Gasparilla Inn: Classic, yet modern
Monday, March 21, 2011
BOCA GRANDE, Fla. – The late William F. Buckley Jr. famously declared it his mission to “stand athwart history yelling ‘Stop!’ ” Buckley almost certainly would have loved The Gasparilla Inn & Club.
In a time of steadily eroding standards, The Gasparilla Inn represents a haven of civility – refined, but not stuffy, elegant without being ostentatious. It’s a place where men are expected to wear sportcoats to dinner, but don’t need a tee time to play golf; where guests stay in a nationally designated historic property while still enjoying the full menu of modern resort amenities; and where American royalty (the Bush family visits regularly) mingles with the commoners.

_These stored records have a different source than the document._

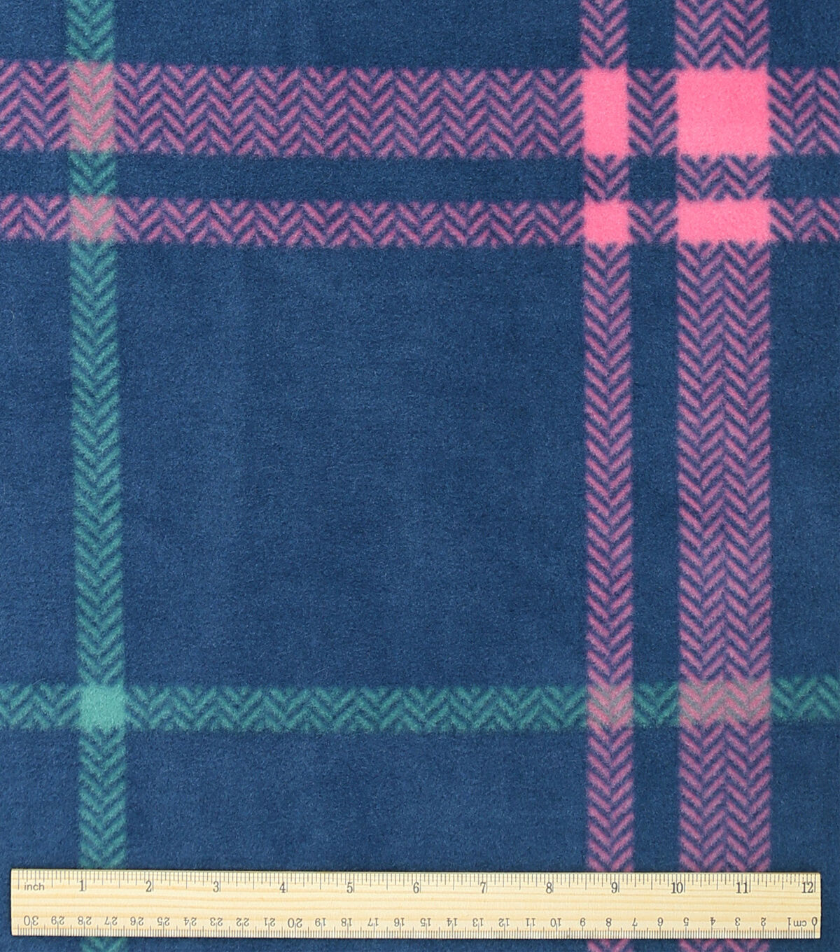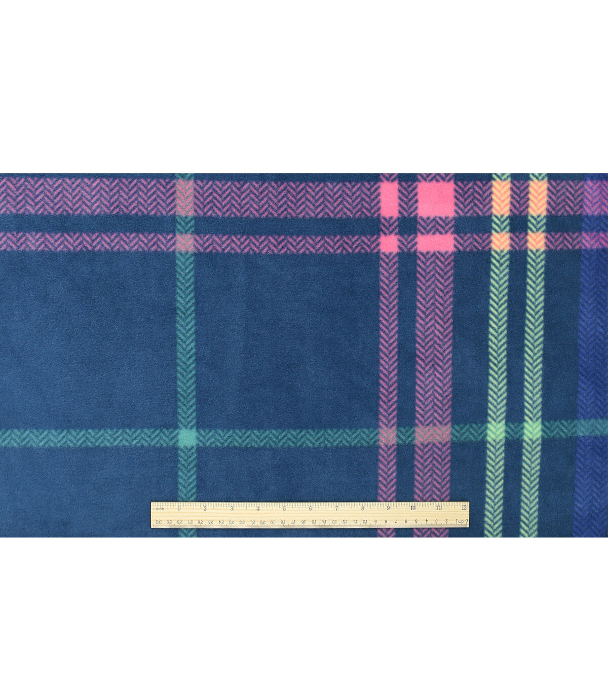 Neon & Pink Plaid on Blue Anti Pill Fleece Fabric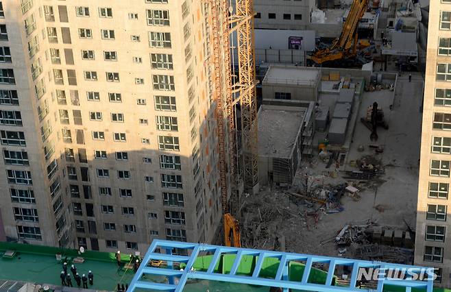 [광주=뉴시스] 변재훈 기자 = 15일 오후 광주 서구 화정동 현대산업개발 신축 아파트 붕괴 사고 현장에서 중장비를 동원한 수색 작업이 펼쳐지고 있다. 지난 11일 사고 발생 이후 닷새째를 맞이한 이날까지 1명이 숨지고 5명이 실종됐다. 2022.01.15. wisdom21@newsis.com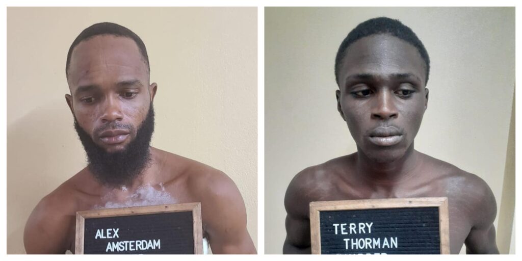 Alex Amsterdam, a 29-year-old security guard from De Kinderen, and Terry Thorman, a 23-year-old mini bus conductor from LMeten-Meer-Zorg, West Coast Demerara have been remanded to prison following their court appearance on Friday on two counts of murder.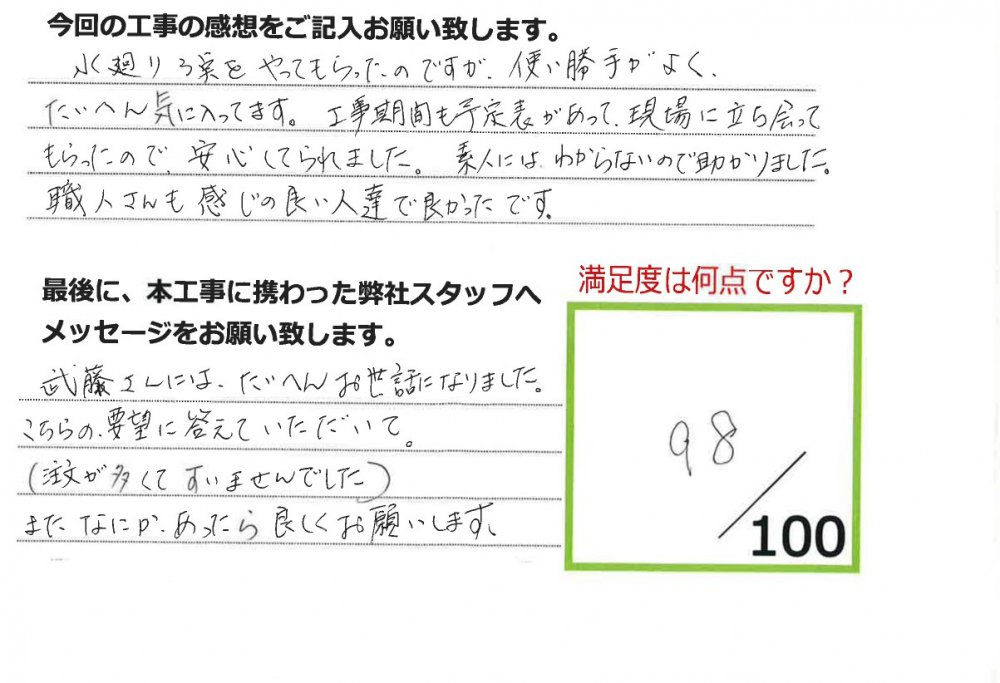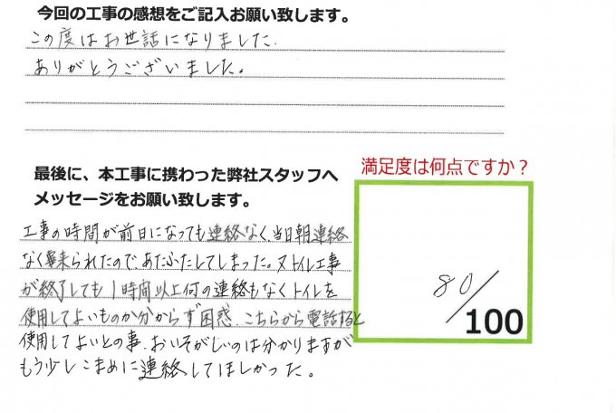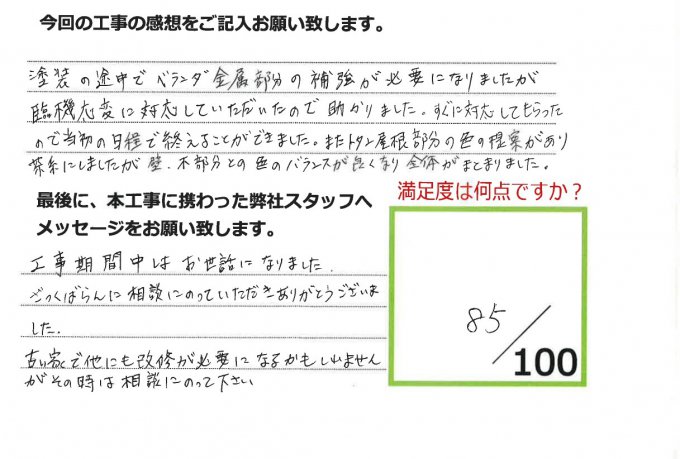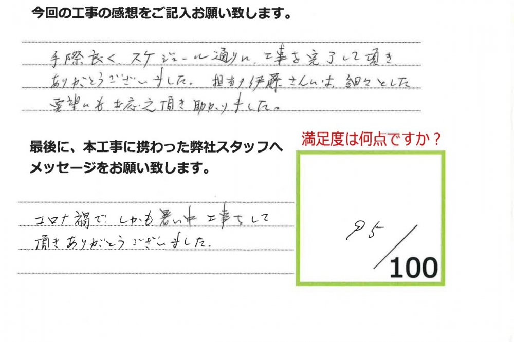 伊田リフォームをご利用された皆様から、工事完了後にお願いしているアンケート「仕事の通信簿」が届きました!

The Gasparilla Inn, located midway between Sarasota and Fort Myers, opened in 1913. The fact that it maintains such a strong connection to its past likely reflects two facts: It effectively has been controlled by only two families over the past 80 years, and Boca Grande is a place where time moves slowly.
“There’s something about that old Florida feel,” says Jack Damioli, The Inn’s president and general manager. “Others have tried to re-create it, but it exists naturally here.”
Damioli spent 22 years at The Greenbrier, starting in the clubhouse bag room and rising to be the general manager. Five years ago, a recruiter urged him to visit The Gasparilla Inn, which then was searching for a new president and general manager. The recruiter told Damioli that he’d feel right at home, that The Gasparilla Inn was a smaller version of The Greenbrier, but in need of some love. The Inn’s decor was even reminiscent of The Greenbrier’s bright and cheerful Dorothy Draper furnishings. Damioli finally agreed to check it out.
“I saw the bones of a great resort,” Damioli says. “It just wasn’t assembled in the right way.”
The inn had the charms of old Florida, but its systems were just plain old. At the time, it had no website, no point-of-sale system, no human resources or catering department and no ability to process credit cards. Damioli addressed each issue and also began cherry-picking managerial talent from The Greenbrier.
One thing that didn’t need any fixing was the golf course. Pete Dye oversaw renovations to the course in 2004-05, including the installation of salt-tolerant Paspalum turf. When Damioli first toured the course with superintendent Jeff Strother, he did suggest chopping down a bare tree on the third hole, but thought better of it when Strother raised this question: “Where will the bald eagles go?” The tree still sits in the right rough.
Dye, reworking a 1928 design, efficiently packed a 6,811-yard layout and full practice facilities on a 106-acre island that’s adjacent to the hotel. Wind is a constant, but its direction is not.
“It’s like playing a different course every day,” says Howard Wise, a Birmingham, Ala., steel executive who spends about half the year in Boca Grande. The breeze is just as likely to come out of the west, off the Gulf of Mexico, as it is to come from the east, off Charlotte Harbor. On a recent visit, gusts up to 25 mph literally stopped seagulls in midair near the 14th tee, the start of a dramatic three-hole plank walk heading south along the harbor.
Just across the bayou from the golf course, the Inn Marina is undergoing an expansion that will double the size to 214 dry slips and 14 wet slips. A few hundred yards away, at the Beach Club on the Gulf side, guests train in a fitness room overlooking the beach, then pamper themselves next door in the nine-room spa.
Such luxuries have helped The Inn to mature gracefully, which is evident in the fact that some guests first visited decades ago. But they also have broadened the resort’s appeal to a new generation.
“We’re 97 years old,” Damioli says, “and really being discovered for the first time.”